Hint: We recall the domain and range of cosec inverse function as $ {{\operatorname{cosec}}^{-1}}x:\left( -\infty ,1 \right]\bigcup \left[ 1,\infty \right)\to \left[ \dfrac{-\pi }{2},0 \right)\bigcup \left( 0,\dfrac{\pi }{2} \right] $ and the domain and range of cosine function as $ \cos x:R\to \left[ -1,1 \right] $ . We use these domain and ranges to see which option is correct. \[\]

Complete step by step answer:
We are given in the question a composite function $ {{\operatorname{cosec}}^{-1}}\left( \cos x \right) $ where the cosec inverse functions $ {{\operatorname{cosec}}^{-1}}x $ takes all the values returned by cosine function $ \cos x $ inside the bracket. We know from domain of cosec inverse function can take values as input which do not belong to the interval $ \left( -1,1 \right) $ .\[\]

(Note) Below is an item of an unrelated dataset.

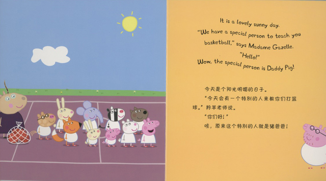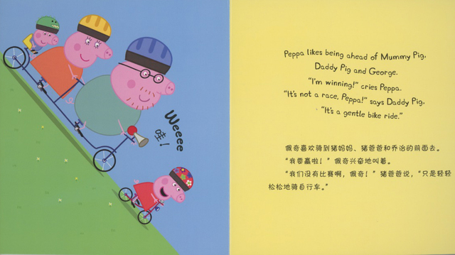 本套书为继《小猪佩奇双语故事纸板书》之后,为低年龄段儿童打造的中英双语纸板书,分别是《自行车比赛》《佩奇打篮球》《体育课》《佩奇去滑冰》《趣味长跑》。每本书分别讲述了一个关于运动的小故事,幽默欢快,当城市生活、电子产品逐渐成为孩子们生活的主要内容时,小猪佩奇带领孩子们体验不同的运动,享受户外清新、健康的空气,回归自然,一起锻炼强健的体魄!

A. We are given $ x\in \left[ -1,1 \right] $ . So cosine function $ \cos x $ c will take map this interval $ \left[ -1,1 \right] $ to the interval $ \left[ 0,\cos \left( 1 \right) \right] $ but we know that range of cosine function is $ \left[ -1,1 \right] $ . So we have $ -1<0<\cos \left( 1 \right)<1 $ . So the domain for cosec inverse function is $ \left[ 0,\cos \left( 1 \right) \right] $ and cosec inverse function cannot take values from $ \left( -1,1 \right) $ . So option A is not correct.\[\]
B. We are given $ x\in R $ . We have already prove that $ {{\operatorname{cosec}}^{-1}}\left( \cos x \right) $ is not real if $ x\in \left[ -1,1 \right] $ . So $ x $ is may not be real for all $ x\in R $ . Hence option B is incorrect.\[\]
C. $ x $ is an odd multiple of $ \dfrac{\pi }{2} $ which means for some $ n\in \mathsf{\mathbb{Z}} $ we have $ x=\left( 2n+1 \right)\dfrac{\pi }{2} $ for $ n=0 $ we have $ x=\left( 2\cdot 0+1 \right)\dfrac{\pi }{2}=\dfrac{\pi }{2} $ . Then we have $ \cos x=\cos \left( \dfrac{\pi }{2} \right)=0 $ but inverse cosec function is not defined for $ x=0 $ since $ 0\in \left[ -1,1 \right] $ . So option $ C $ is not correct.\[\]
D. We are given $ x $ is multiple of $ \pi $ which means $ x=n\pi ,n\in \mathsf{\mathbb{Z}} $ . If $ n $ is odd we get $ \cos x=-1 $ and if $ n $ is even we get $ \cos x=1 $ . The cosec inverse is well defined for $ x=-1,1 $ . So option D is only correct option.\[\]

Note:
We can alternatively solve by observing that cosec inverse function can take only those values at the intersection of domain of cosec inverse function and range cosine inverse function that is $ \left( \left( -\infty ,1 \right]\bigcup \left[ 1,\infty \right) \right)\bigcap \left[ -1,1 \right]=\left\{ -1,1 \right\} $ . We can find for what values of $ x $ the value of cosine $ \cos x=-1,1 $ . We note that mapping of $ \left[ -1,1 \right] $ on $ \left[ 0,1 \right] $ comes from the fact that $ \cos \left( -x \right)=\cos x,-\dfrac{\pi }{2} < -1 < 1 < \dfrac{\pi }{2} $ and $ \cos x\in \left[ 0,1 \right] $ for all $ x\in \left[ \dfrac{-\pi }{2},\dfrac{\pi }{2} \right] $ .